_Data shown_
BEGIN

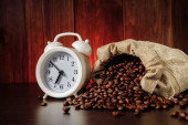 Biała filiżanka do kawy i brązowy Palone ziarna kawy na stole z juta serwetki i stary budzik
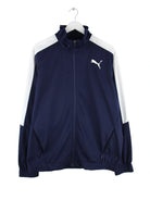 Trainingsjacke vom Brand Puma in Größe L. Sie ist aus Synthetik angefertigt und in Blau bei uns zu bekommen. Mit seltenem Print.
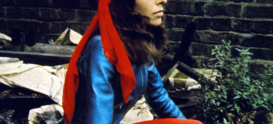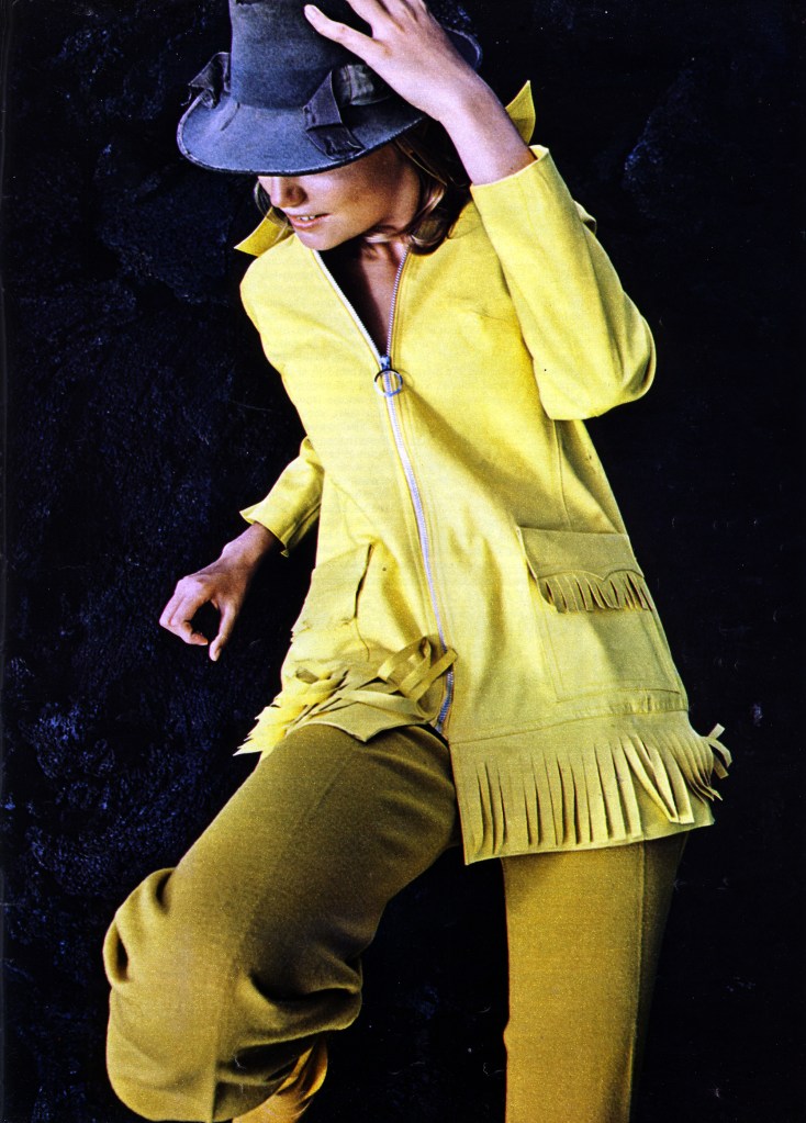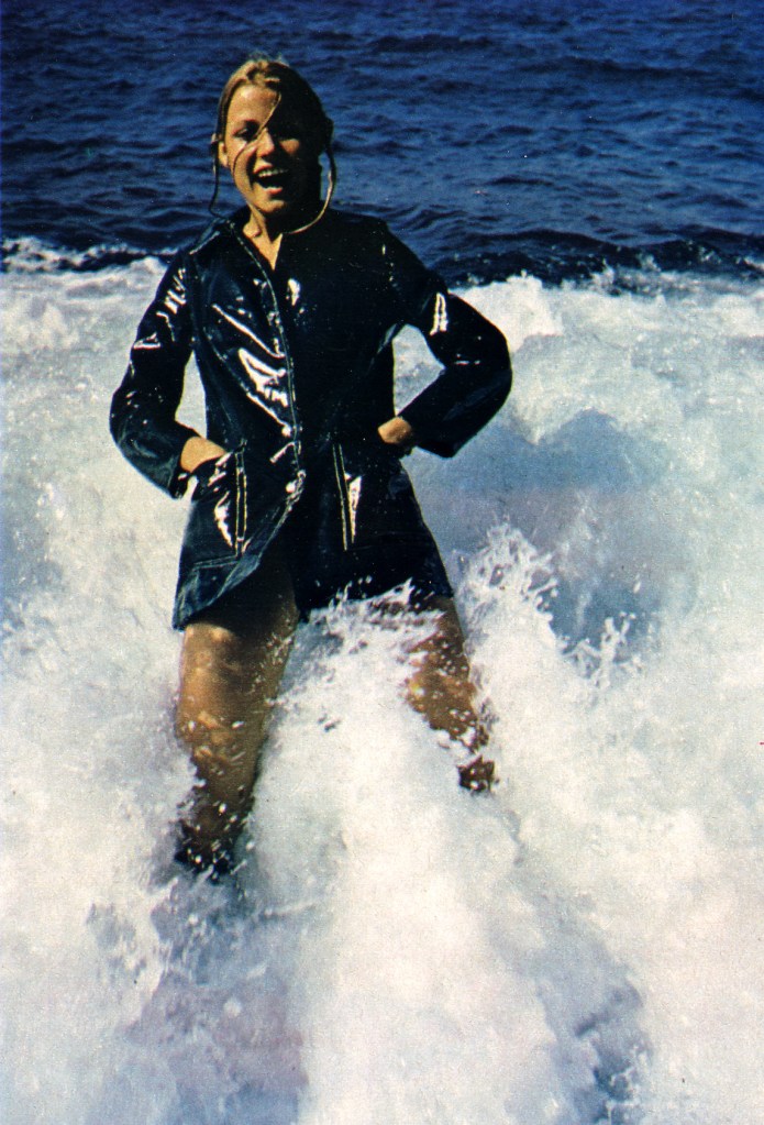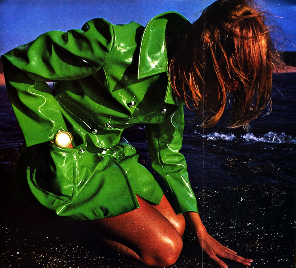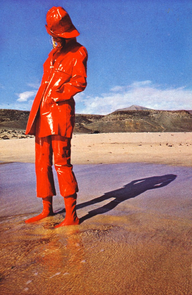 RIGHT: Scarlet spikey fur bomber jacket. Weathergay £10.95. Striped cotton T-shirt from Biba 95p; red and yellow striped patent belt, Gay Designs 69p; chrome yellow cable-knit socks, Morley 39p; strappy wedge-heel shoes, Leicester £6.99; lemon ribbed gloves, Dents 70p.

END

_How to complete this task_
Each line above must be set down exactly, though no picture should be carried over.

_Solved exercise_
 Biała filiżanka do kawy i brązowy Palone ziarna kawy na stole z juta serwetki i stary budzik
 Trainingsjacke vom Brand Puma in Größe L. Sie ist aus Synthetik angefertigt und in Blau bei uns zu bekommen. Mit seltenem Print.
 RIGHT: Scarlet spikey fur bomber jacket. Weathergay £10.95. Striped cotton T-shirt from Biba 95p; red and yellow striped patent belt, Gay Designs 69p; chrome yellow cable-knit socks, Morley 39p; strappy wedge-heel shoes, Leicester £6.99; lemon ribbed gloves, Dents 70p.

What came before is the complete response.